Começamos 2019 com uma preocupação maior face a janeiro de 2018, o país que parecia melhor está afinal a caminhar para uma situação preocupante, que não é propriamente surpresa, sem nada ter feito para o evitar.
Se a sensação de riqueza e de maior liquidez, quer das pessoas, quer no discurso dos governantes é indiscutível, a dura realidade é que afinal tudo não passa de uma situação aparente e passageira alicerçada no aumento do crédito e na redução da poupança, no plano pessoal, e no aumento da dívida e dos prazos de pagamento no que diz respeito ao Estado.
Hoje, milhares de empresas e instituições esperam cada vez mais tempo para receber o que a Administração Pública lhes deve. Demasiadas reformas ficaram por fazer ao longo de 4 anos em que a única preocupação foi reforçar a distribuição de rendimentos mesmo que isso custe a sustentabilidade e médio prazo.
A economia portuguesa está a desacelerar pois nada foi feito para estimular as empresas, antes pelo contrário, os únicos sinais dados às empresas foram no sentido oposto: mais impostos.
Face às consequências previsíveis do Brexit, ao desacelerar da economia europeia e ao fim do programa de compras do BCE, a atitude responsável não seria aumentar despesa estrutural que não será coberta pelo crescimento da economia, mas foi essa a opção do governo. Em vez de reformas que garantissem maior crescimento económico, o Governo das esquerdas optou por criar maior dependência.
Ao contrário de Portugal, outros países aproveitaram a folga do crescimento económico, mas sobretudo o “oxigénio” do programa de compra de dívida pública do BCE. para fazer reformas que permitissem agilizar as suas economias e modernizar as respetivas administrações públicas e as empresas. Portugal fez tudo ao contrário, procurou a “felicidade imediata pondo em causa o seu próprio futuro”.
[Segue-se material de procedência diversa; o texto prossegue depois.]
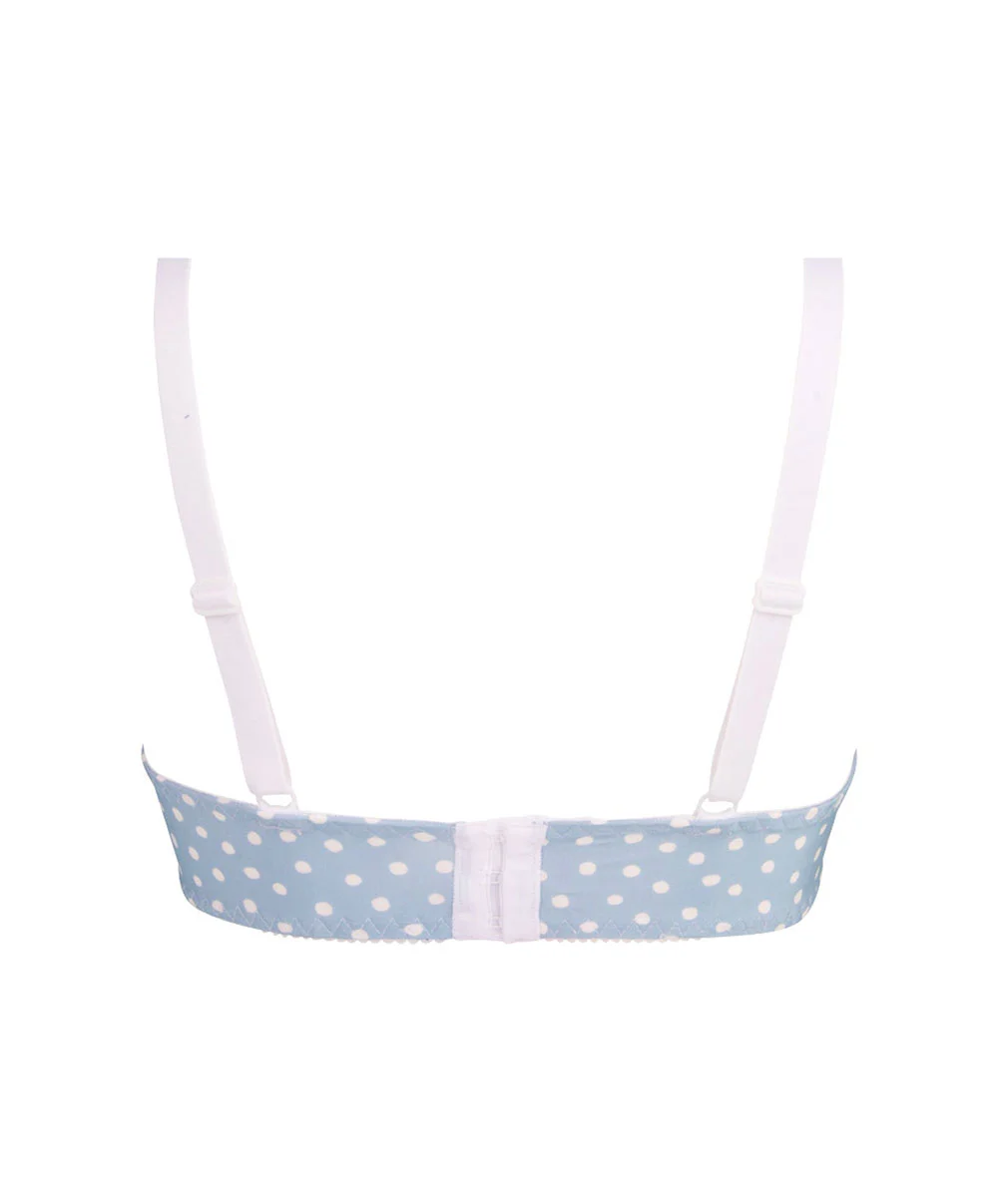 -Soutien-gorge grande taille sans baleines décolleté plongeant au motif très élégant à pois blancs sur un fond bleu ciel pastel plein de douceur et d’élégance pour une silhouette à la fois vintage, chic et glamour façon pin-up… Séduction garantie !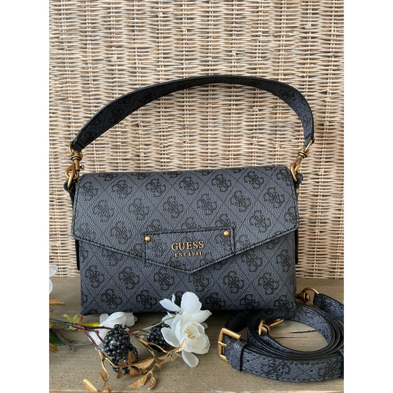 Is ze niet beeldschoon deze mini Guess schoudertas uit de Eco Brenton collectie? Deze betoverende tas heeft een all-over print en een prachtig Guess logo aan de voorkant. De tas heeft een hoofdvak met daarop een voorvak en sluit met een magneetsluiting. Het hengsel en de schouderband zijn beide afneembaar. De tas is afgewerkt met goudkleurige details. Op de achterzijde van de tas zit een extra vak met rits.
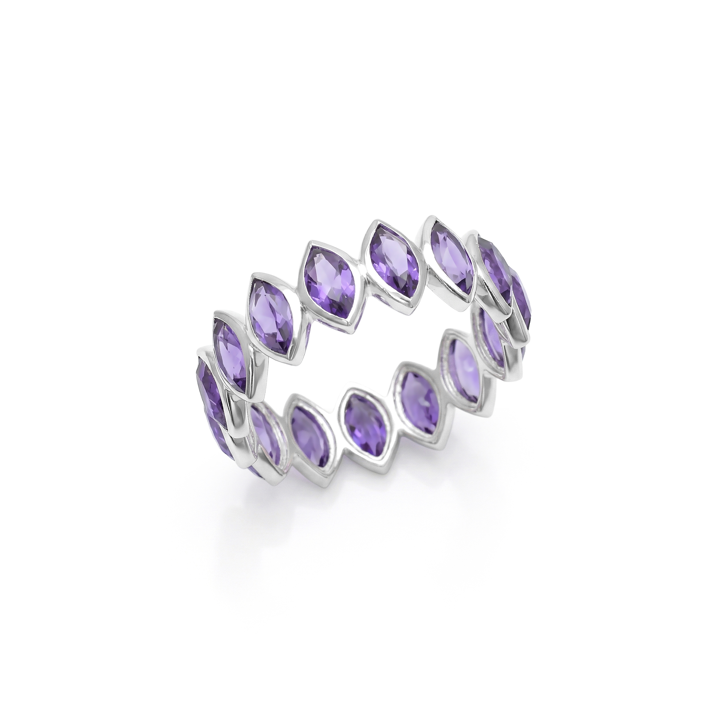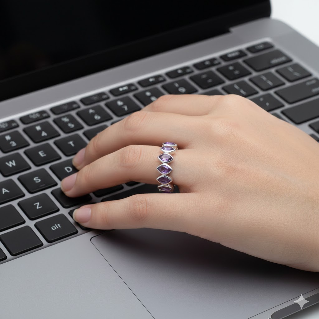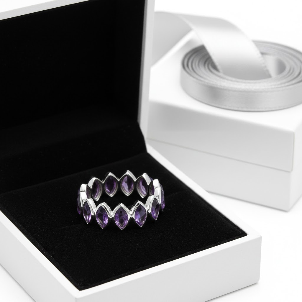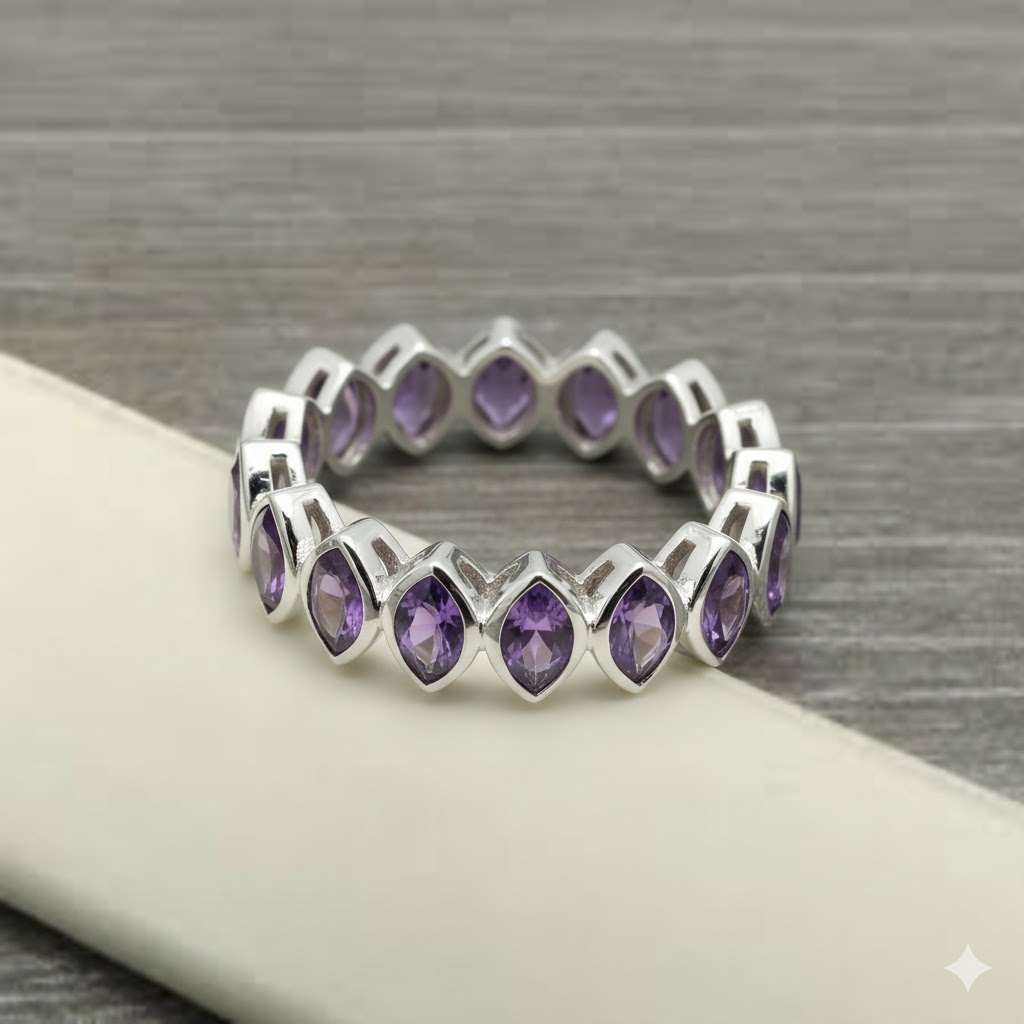 A crown of violet light, each marquise-cut amethyst catching whispers of elegance. Bold yet graceful, this ring blooms with timeless serenity and charm.

Os portugueses não podem estar melhor quando os hospitais estão pior, os portugueses não podem estar melhor quando esperam cada vez mais tempo para ter uma consulta médica ou fazer uma cirurgia.
Os portugueses não podem estar melhor quando os transportes públicos são cada vez mais escassos, são constantemente suprimidos e têm cada vez menos segurança.
Os portugueses não podem estar melhor quando as forças de segurança não atuam porque não têm gasóleo para os carros ou para a sua reparação e quando os helicópteros de busca e salvamento estão parados por falta de dinheiro para a sua manutenção.
A coligação de esquerda rebentou com o que restava dos serviços públicos e adiaram novamente investimentos que tinham sido suspensos durante a crise económica. Pior, o investimento público desde 2015 é ainda mais baixo do que no período da troika.
Ao longo dos últimos três anos e meio, com condições nacionais e internacionais muito favoráveis, a coligação de PS, BE e PCP optou por ser populista em detrimento de assegurar o futuro do país. A fatura chegará.